Dear Undergraduate and Graduate Students, Faculty, and Staff,
You are invited! UF Department of Mechanical and Aerospace Engineering’s Seminar Series
This is a perfect opportunity to enjoy some coffee, cookies, and captivating talks! These sessions feature amazing guest speakers, from academic trailblazers and industry movers to our very own faculty candidates showing off their expertise and fresh perspectives.
Come for the treats, stay for the engaging discussions, and connect with fellow MAE enthusiasts. Everyone is welcome!

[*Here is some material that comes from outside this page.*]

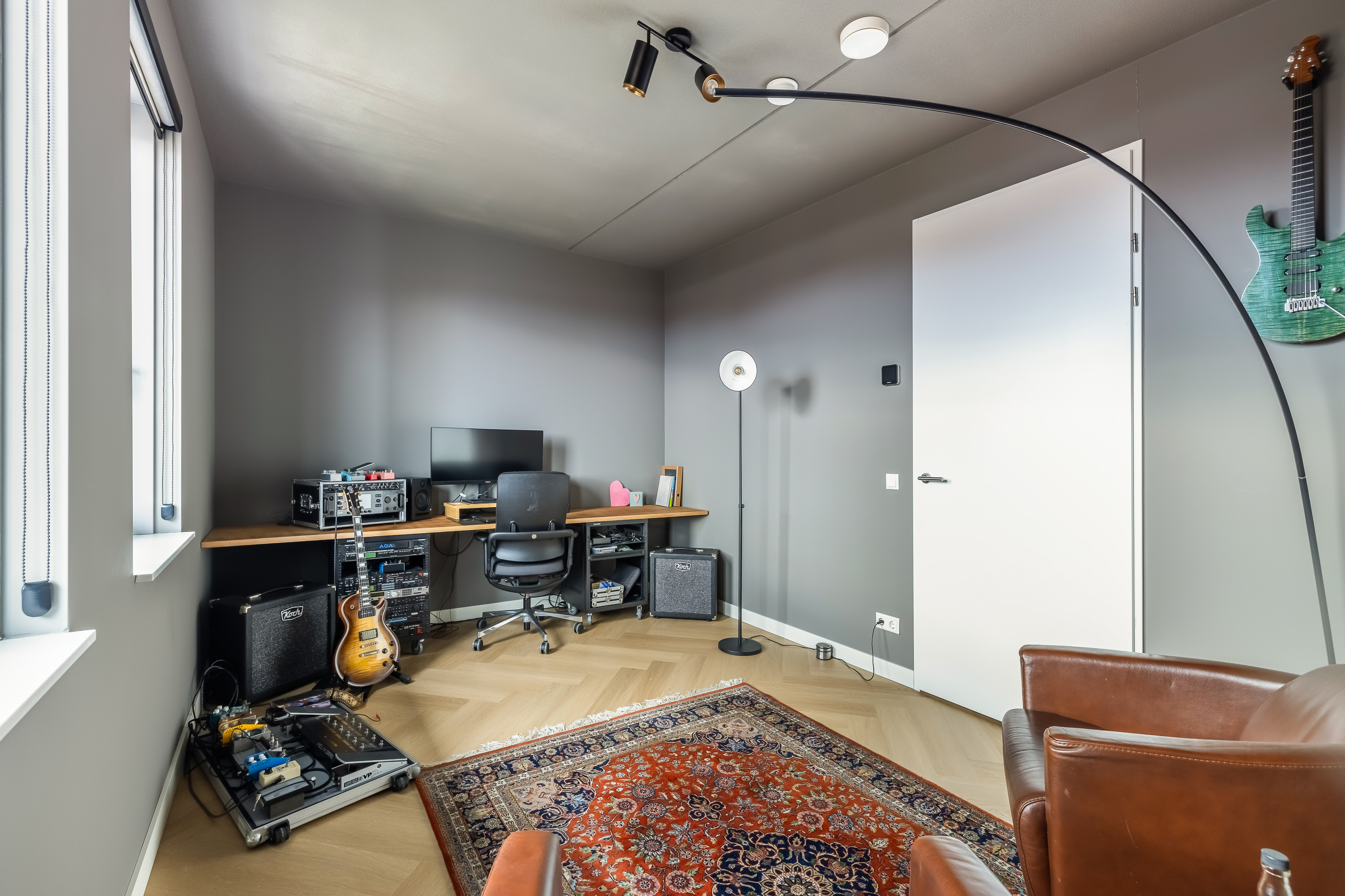 Landing and technical room. At the front is the master bedroom with a beautiful built-in wardrobe. At the rear is currently a large man cave, but this space can also serve as an additional large bedroom. The home is so well insulated that even playing the guitar won’t disturb the neighbours — how perfect is that?

Feb 18, 2025, at 12:50pm, Location: MAE-A 303

Dr. Patrick Dorin
Postdoctoral Research Fellow
Department of Mechanical Engineering
University of Michigan, Ann Arbor

Abstract
Mechanical metamaterials facilitate the manipulation of vibrations and elastic waves in structures, a useful feature that has been leveraged in numerous engineering applications. Recently, researchers integrated topological phase theory from condensed matter physics into mechanical metamaterials to create topological metamaterials. Topological metamaterials enable the confinement of elastic waves within waveguides that follow complex pathways and are immune to losses caused by structural imperfections. While topological metamaterials hold immense promise, research gaps exist that hinder their broad implementation and provide opportunities for scientific advancement. This research seeks to address these gaps by pioneering a new class of advanced topological metamaterials that achieve tunable, broadband, easily integrated, and multidimensional elastic wave control. A 2D piezoelectric metamaterial and a 3D metastable metamaterial are created that achieve unprecedented adaptive capabilities. A 3D topological metamaterial is devised that exploits the rich dimensionality of 3D resonant structures to attain frequency-, polarization-, and layer-dependent wave control. Finally, higher-order topological phases are used to synthesize a topological metamaterial with innovative features that are leveraged to investigate wave control in fractal geometries and achieve wave-based mechanical logic. Overall, this research establishes groundbreaking wave control capabilities and uncovers new fundamental insight into the interplay between topological and elastic wave physics.

Biography
Patrick Dorin is a Postdoctoral Research Fellow in Prof. Kon-Well Wang’s Structural Dynamics and Controls Laboratory at the University of Michigan in the Department of Mechanical Engineering. He received his Ph.D. in Mechanical Engineering from the University of Michigan in 2023 under the advisement of Prof. Wang. He received his Bachelor of Science in Mechanical Engineering at the University of Notre Dame in 2015, where he conducted research under the direction of Prof. Steven Schmid. Upon completing his undergraduate studies and prior to his graduate education, he worked for two years as a design and analysis engineer for the synthesis of inertial guidance systems at Honeywell Aerospace. His research interests include structural dynamics and vibrations, elastic wave propagation, mechanical metamaterials, topological phases in mechanical systems, and physical/mechanical intelligence.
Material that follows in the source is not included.